The NPS is a government-backed pension scheme that allows individuals to create a retirement corpus while reaping tax benefits. With higher flexibility and tax-free benefits, EPF and NPS tax savings become even more crucial as salaried taxpayers plan for retirement.
Changes in Section 80CCD(2)
In Budget 2025, the employer’s contribution to NPS has been increased from 10% to 14% of the employee’s basic salary, providing more significant EPF and NPS tax savings opportunities.
How a Salaried Employee Can Reduce Taxable Income to Rs 13.70 Lakh
For an individual earning Rs 13.7 lakh annually:
- 50% of the basic salary is Rs 6.85 lakh.
- The employer contributes 14% of the basic salary to NPS (Rs 95,900).
- A standard deduction of Rs 75,000 is applied.
By maximizing EPF and NPS tax savings, the individual’s taxable income can be reduced to zero, benefiting from the New Tax Regime’s full tax-free limit.
Comparison Between NPS and Other Investment Options
Investment Option | Interest Rate | Tax Benefits |
---|---|---|
NPS | 10-12% | Up to Rs 96,000 deduction |
EPF | 8.25% | Tax-free withdrawals (conditions apply) |
PPF | 7.1% | Exempt-Exempt-Exempt (EEE) |
Mutual Funds | Varies | LTCG tax applies |
Conclusion
Budget 2025 has brought a host of tax-saving opportunities for salaried individuals, particularly through EPF and NPS tax savings. By taking advantage of the increased employer contributions and smarter investment strategies, individuals can minimize their tax liabilities while securing a financially stable future. The potential for EPF and NPS tax savings is substantial, making it an essential part of modern tax planning.
Frequently Asked Questions
The new income tax exemption limit for 2025 is ₹12 lakh. Individuals with an income of ₹12 lakh or less will not be required to pay any taxes.
The new tax regime reduces the tax burden on middle-class taxpayers, allowing them to keep more of their income.

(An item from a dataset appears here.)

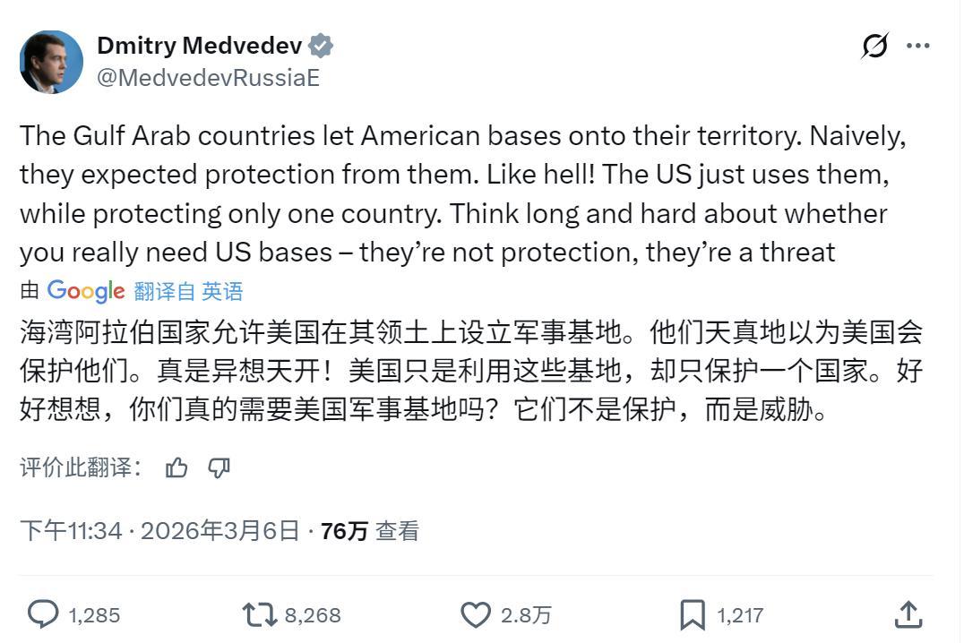 俄罗斯前总统梅德韦杰夫3月6日,发文写道:“海湾阿拉伯国家允许美国在其领土上设立军事基地。他们天真以为美国为保护他们。真是异想天开!美国却只利用这些基地,保护另一个国家。好好想想,你们真需要美国军事基地吗?它们不是保护,而是威胁。” 梅德韦杰夫说:“美国设在海湾国家的军事基地,不是保护,而是威胁!” 其实,从这次美以对伊朗发动军事行动中,可以看出是有一定道理的。当伊朗遇袭采取军事反击时,主要也连滞打击美国设在海湾国家美国的军事基地,比如阿联酋、巴林、科威特、卡塔尔等均遭伊朗军事打击,美国却不能保护他们安全。还有最关键的是当危险来临时,美国优先撤离自己资产及人员,惹祸上身后把危险留给有美国军事基地的阿拉伯国家,还有更严重的是,最关键时刻美国还从海湾国家调走防空导弹系统去保护某些国家。所以说梅德韦杰夫说美国所设的军事基地是威胁、不是安全是有一定道理的。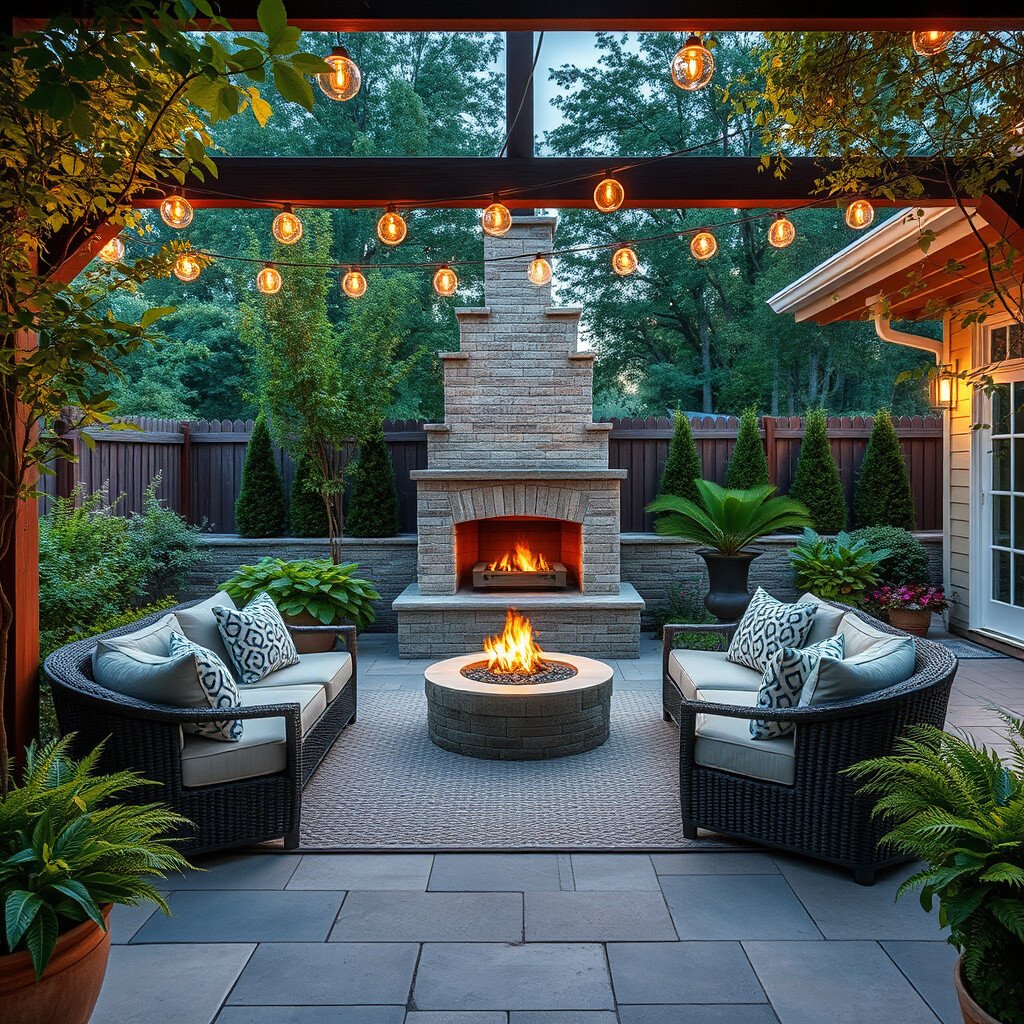Create an outdoor oasis with a comfortable seating area and lush greenery. Picture a patio with string lights and a fire pit for cozy evenings.

This will increase disposable income and stimulate economic spending.
Yes, salaried individuals will benefit greatly from the new tax slabs, with no tax payable on income up to ₹12 lakh and significantly lower tax rates on higher earnings.
The increased tax rebate under Section 87A further reduces the tax liability for eligible taxpayers, making the tax regime even more favorable for those earning up to ₹12 lakh.
The new tax regime will take effect from the beginning of the financial year 2025-26, starting on April 1, 2025, pending approval by Parliament.